Data listing —
——
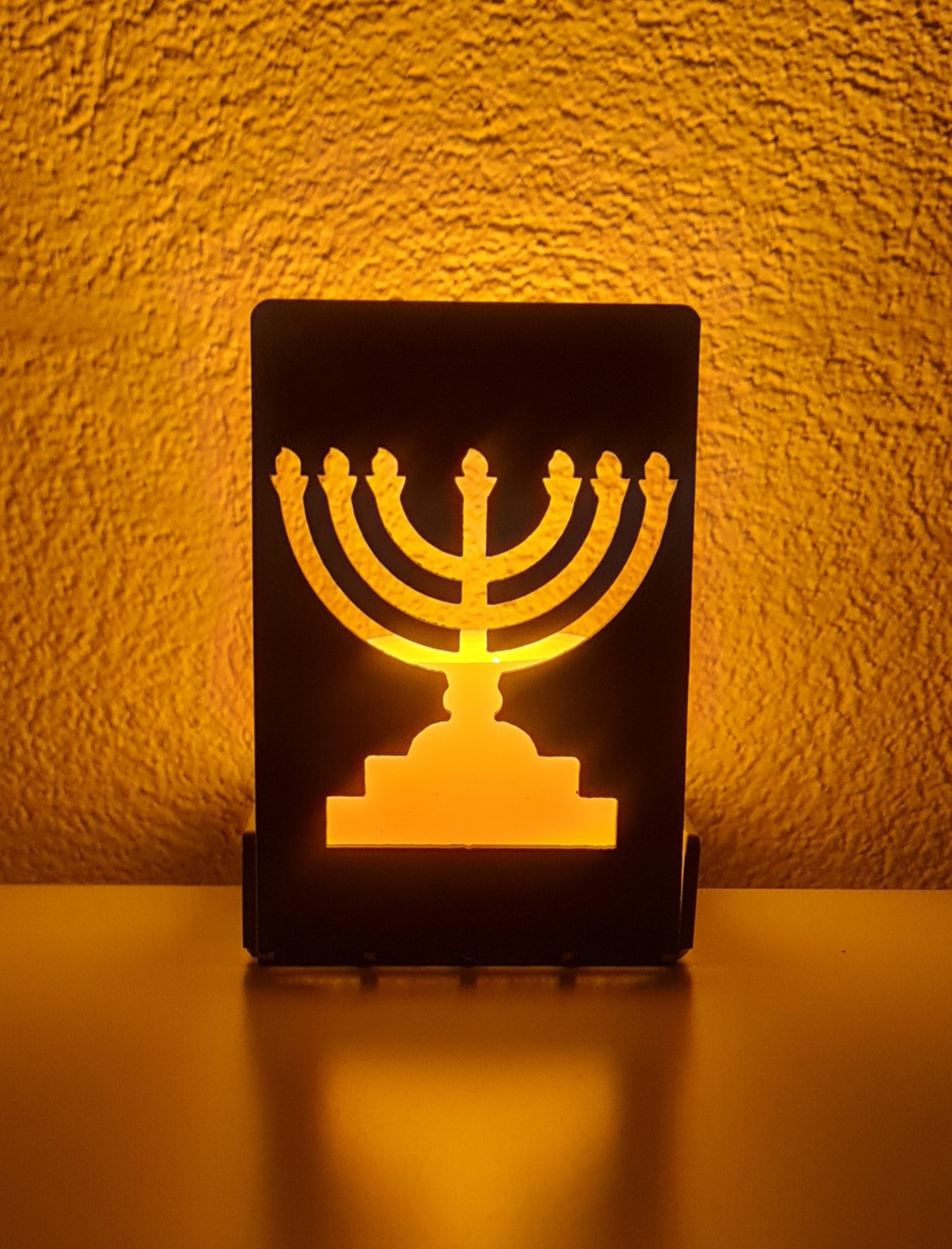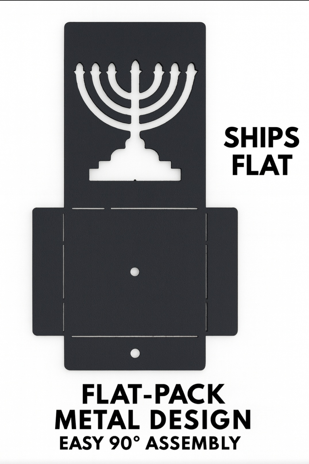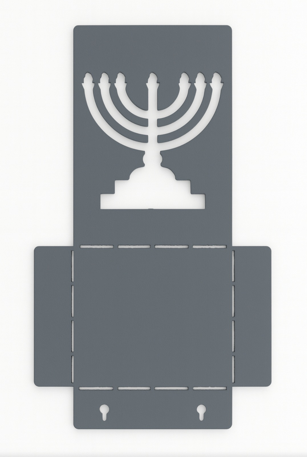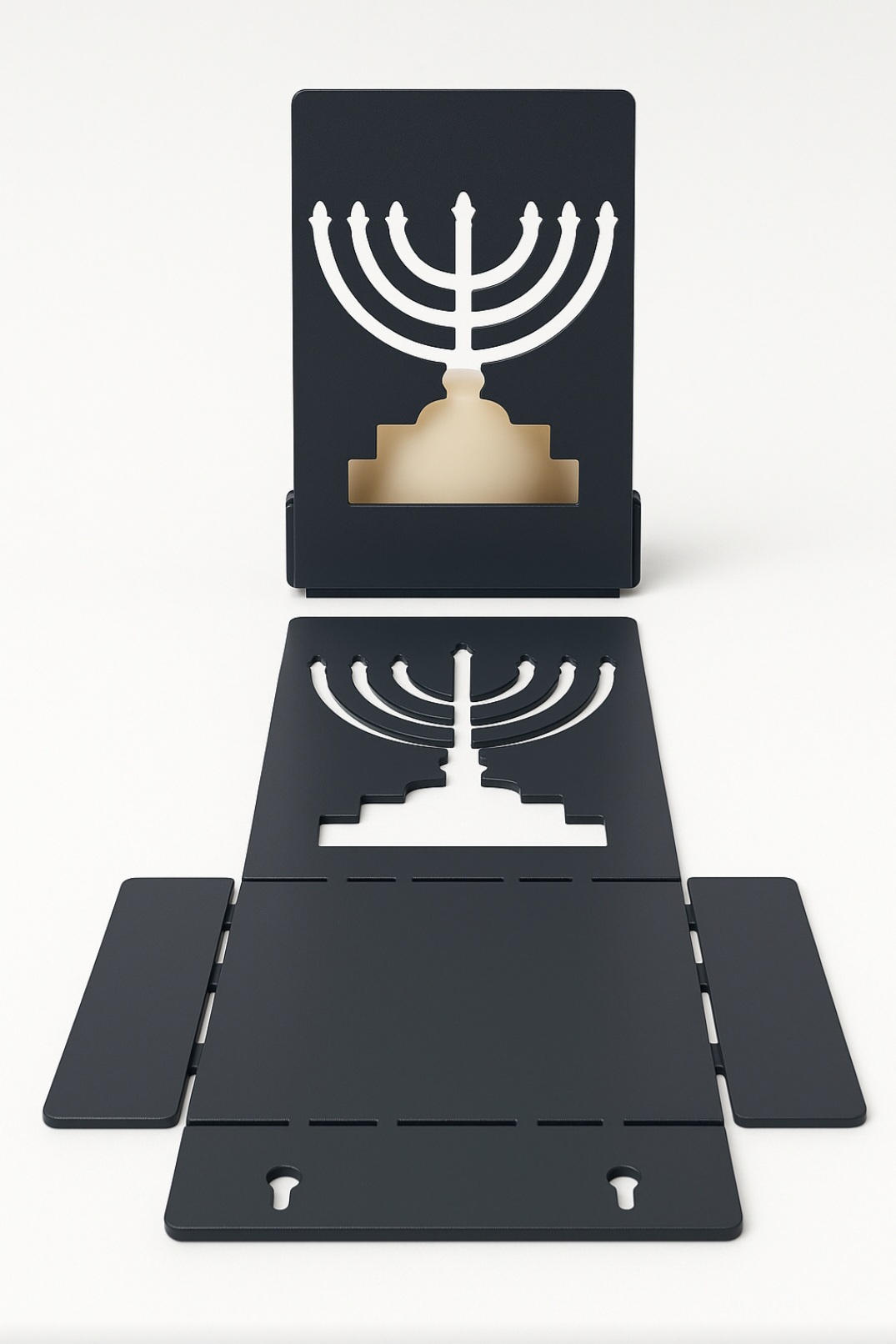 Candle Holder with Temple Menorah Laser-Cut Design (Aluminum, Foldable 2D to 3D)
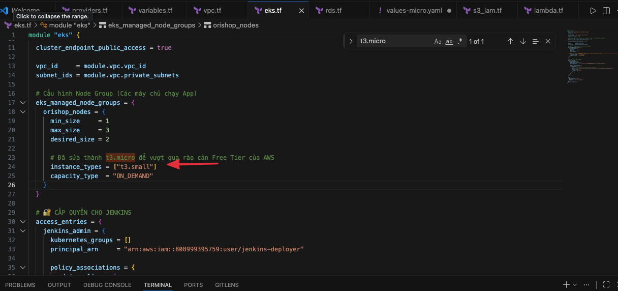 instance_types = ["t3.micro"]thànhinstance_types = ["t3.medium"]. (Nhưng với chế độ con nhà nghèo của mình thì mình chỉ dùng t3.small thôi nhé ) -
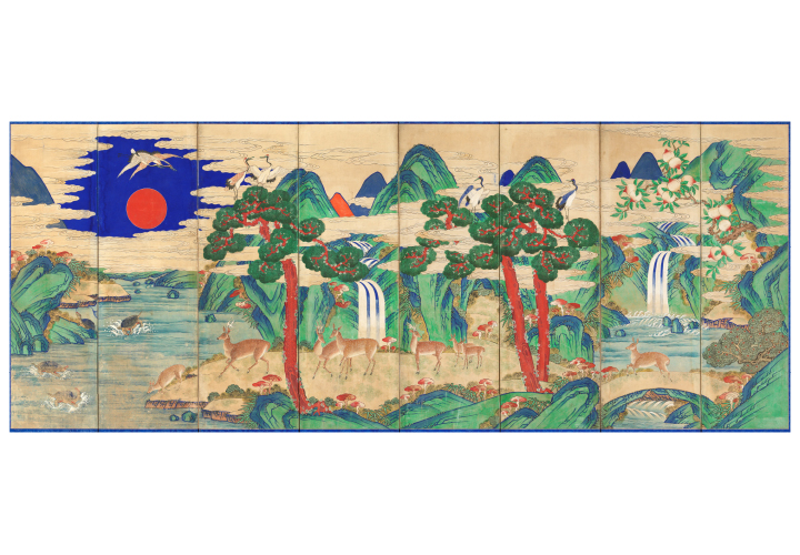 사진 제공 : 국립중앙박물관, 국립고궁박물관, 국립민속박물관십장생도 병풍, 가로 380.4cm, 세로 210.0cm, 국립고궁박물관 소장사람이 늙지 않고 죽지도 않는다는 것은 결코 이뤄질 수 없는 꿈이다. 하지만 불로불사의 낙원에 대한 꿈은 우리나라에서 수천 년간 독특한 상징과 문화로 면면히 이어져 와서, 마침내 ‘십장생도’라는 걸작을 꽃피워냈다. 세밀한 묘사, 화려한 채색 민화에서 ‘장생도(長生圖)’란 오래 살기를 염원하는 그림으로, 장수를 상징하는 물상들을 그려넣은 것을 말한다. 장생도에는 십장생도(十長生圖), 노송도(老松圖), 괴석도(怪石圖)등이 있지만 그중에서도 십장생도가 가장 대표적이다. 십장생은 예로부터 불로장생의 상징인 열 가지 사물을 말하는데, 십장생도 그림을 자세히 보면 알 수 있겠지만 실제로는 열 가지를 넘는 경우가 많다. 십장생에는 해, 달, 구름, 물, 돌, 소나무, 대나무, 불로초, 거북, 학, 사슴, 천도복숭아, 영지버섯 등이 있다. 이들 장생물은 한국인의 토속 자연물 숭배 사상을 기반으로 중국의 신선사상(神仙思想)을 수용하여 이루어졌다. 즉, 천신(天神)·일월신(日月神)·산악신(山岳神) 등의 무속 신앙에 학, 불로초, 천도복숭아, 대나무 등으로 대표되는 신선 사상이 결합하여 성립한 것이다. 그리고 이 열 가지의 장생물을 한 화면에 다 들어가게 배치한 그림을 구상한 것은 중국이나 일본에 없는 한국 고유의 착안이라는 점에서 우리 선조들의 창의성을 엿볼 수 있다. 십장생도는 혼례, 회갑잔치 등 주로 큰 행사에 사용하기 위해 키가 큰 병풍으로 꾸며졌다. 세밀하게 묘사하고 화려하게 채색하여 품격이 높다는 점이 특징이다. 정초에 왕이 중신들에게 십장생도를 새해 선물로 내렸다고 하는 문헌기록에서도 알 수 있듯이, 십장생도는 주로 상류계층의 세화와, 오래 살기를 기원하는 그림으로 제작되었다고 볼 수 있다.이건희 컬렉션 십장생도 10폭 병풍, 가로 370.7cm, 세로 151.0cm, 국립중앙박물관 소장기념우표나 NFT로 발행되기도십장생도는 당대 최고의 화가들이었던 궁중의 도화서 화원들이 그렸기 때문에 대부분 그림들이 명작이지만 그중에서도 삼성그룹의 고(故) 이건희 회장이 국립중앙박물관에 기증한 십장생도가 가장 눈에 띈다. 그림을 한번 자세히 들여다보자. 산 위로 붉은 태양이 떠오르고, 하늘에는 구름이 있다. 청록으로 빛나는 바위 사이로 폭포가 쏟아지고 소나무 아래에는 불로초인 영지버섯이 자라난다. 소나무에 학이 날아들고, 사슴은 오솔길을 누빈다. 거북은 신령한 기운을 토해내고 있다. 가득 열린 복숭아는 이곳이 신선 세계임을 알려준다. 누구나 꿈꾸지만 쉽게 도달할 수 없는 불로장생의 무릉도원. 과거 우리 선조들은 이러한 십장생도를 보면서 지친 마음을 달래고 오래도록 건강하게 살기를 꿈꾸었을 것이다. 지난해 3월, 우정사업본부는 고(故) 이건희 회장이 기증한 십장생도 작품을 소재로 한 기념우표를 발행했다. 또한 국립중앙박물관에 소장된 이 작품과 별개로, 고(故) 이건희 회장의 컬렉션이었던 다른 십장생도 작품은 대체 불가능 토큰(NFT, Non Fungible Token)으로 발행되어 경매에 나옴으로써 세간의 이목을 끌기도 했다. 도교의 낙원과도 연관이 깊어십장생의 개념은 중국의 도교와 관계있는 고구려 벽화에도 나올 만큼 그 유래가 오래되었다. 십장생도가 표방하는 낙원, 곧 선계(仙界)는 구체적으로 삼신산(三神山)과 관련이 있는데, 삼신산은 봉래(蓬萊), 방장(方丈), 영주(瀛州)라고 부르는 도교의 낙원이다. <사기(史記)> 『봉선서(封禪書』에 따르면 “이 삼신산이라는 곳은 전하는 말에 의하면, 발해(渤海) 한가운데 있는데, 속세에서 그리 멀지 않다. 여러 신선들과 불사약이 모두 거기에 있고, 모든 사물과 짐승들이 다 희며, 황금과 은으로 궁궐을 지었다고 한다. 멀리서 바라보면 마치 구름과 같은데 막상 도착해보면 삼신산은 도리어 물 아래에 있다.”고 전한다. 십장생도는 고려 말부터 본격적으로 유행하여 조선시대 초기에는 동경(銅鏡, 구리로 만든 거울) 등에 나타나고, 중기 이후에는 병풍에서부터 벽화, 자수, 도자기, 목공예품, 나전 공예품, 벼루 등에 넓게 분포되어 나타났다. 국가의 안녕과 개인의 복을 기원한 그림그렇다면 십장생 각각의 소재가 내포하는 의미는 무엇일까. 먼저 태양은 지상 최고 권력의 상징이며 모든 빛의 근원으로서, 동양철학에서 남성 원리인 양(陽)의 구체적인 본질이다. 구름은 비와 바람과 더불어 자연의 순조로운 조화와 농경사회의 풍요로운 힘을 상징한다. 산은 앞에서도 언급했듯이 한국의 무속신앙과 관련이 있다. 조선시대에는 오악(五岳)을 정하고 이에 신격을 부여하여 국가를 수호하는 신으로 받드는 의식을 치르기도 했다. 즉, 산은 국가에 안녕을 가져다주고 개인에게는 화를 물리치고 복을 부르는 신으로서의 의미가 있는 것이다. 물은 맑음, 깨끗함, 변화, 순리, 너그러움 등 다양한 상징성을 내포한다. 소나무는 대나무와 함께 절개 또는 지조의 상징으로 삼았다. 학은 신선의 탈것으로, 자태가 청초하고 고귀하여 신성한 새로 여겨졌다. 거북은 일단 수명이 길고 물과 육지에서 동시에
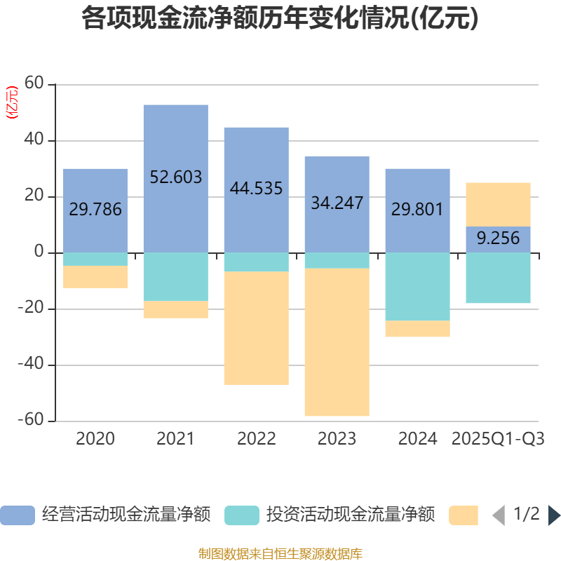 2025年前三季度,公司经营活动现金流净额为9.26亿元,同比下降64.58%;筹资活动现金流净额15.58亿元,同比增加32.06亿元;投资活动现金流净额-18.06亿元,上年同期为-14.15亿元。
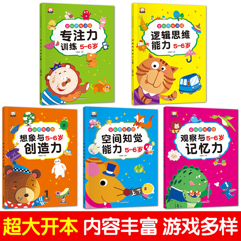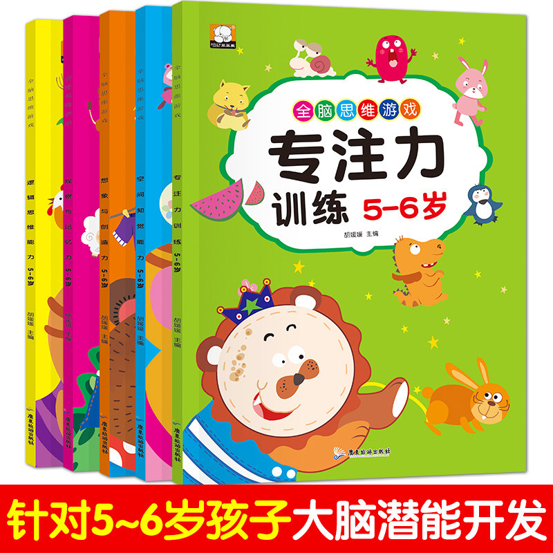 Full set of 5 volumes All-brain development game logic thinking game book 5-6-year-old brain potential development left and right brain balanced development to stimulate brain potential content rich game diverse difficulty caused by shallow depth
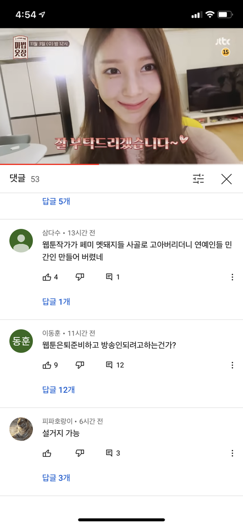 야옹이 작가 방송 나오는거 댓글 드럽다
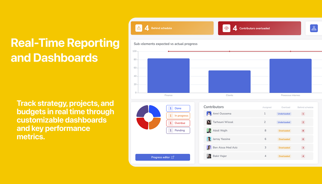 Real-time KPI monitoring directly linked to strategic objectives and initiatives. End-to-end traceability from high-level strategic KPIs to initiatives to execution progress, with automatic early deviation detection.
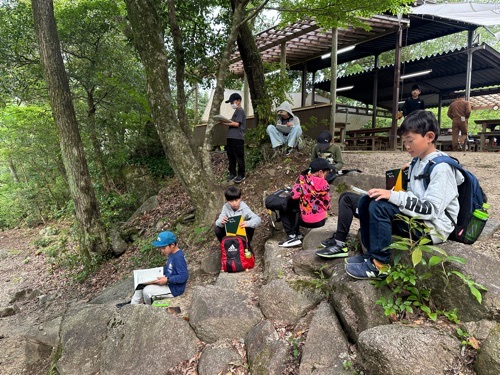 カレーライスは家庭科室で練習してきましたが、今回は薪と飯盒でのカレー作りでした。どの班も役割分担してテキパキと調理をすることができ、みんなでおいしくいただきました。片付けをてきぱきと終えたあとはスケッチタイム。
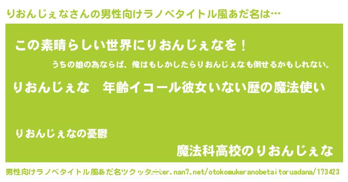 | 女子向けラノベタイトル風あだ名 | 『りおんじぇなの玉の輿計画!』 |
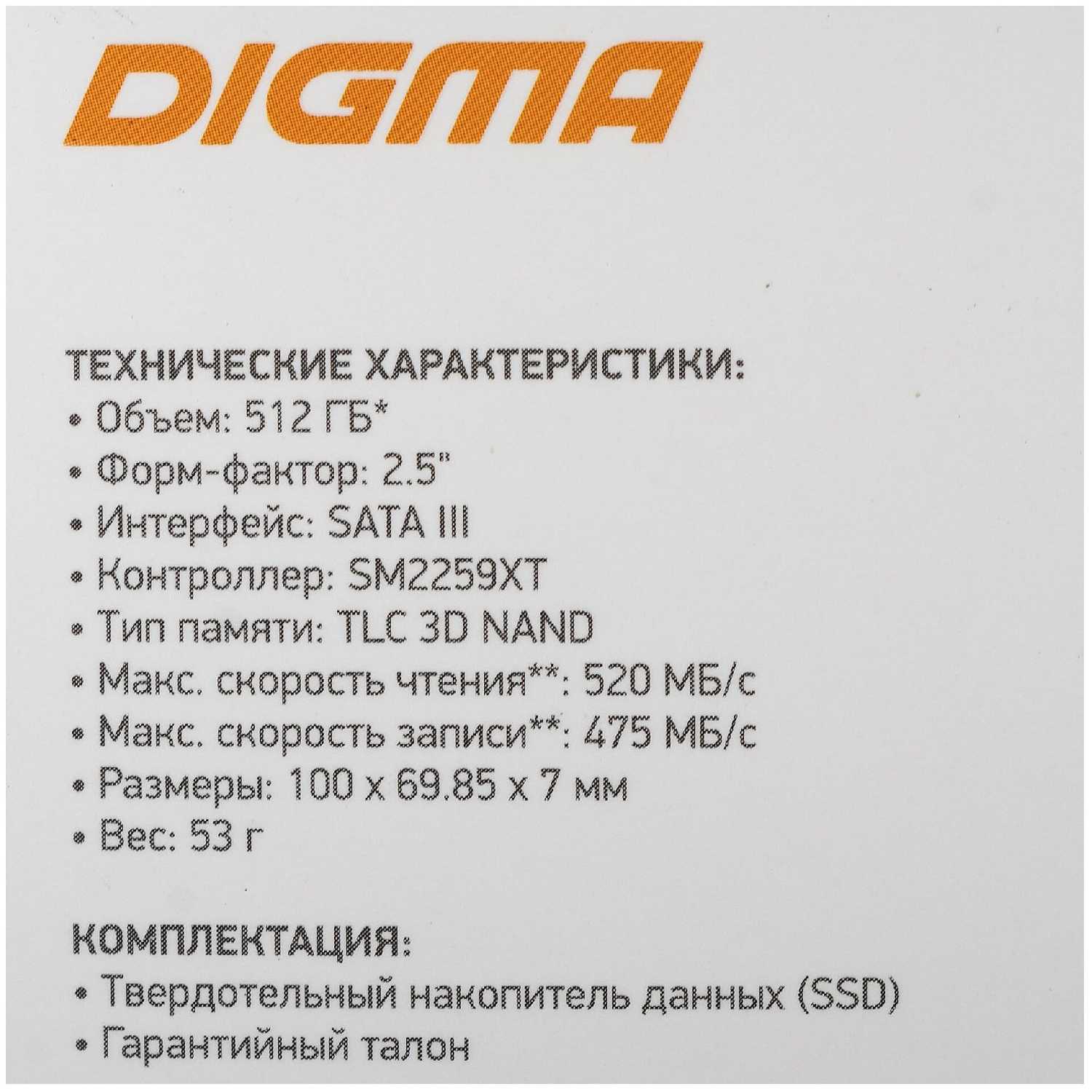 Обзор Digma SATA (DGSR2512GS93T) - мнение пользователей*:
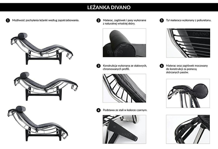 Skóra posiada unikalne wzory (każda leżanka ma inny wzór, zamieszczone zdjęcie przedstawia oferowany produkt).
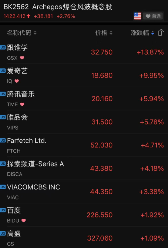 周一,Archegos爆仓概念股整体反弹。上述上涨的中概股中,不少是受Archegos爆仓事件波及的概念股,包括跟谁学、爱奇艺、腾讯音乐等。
——
How to complete this task — Would you copy, exactly, each line from the start of the listing above through the line with "(Nhưng với chế", both ends included, but none of the pictures?

Answer for the task —
 Candle Holder with Temple Menorah Laser-Cut Design (Aluminum, Foldable 2D to 3D)
 instance_types = ["t3.micro"]thànhinstance_types = ["t3.medium"]. (Nhưng với chế độ con nhà nghèo của mình thì mình chỉ dùng t3.small thôi nhé ) -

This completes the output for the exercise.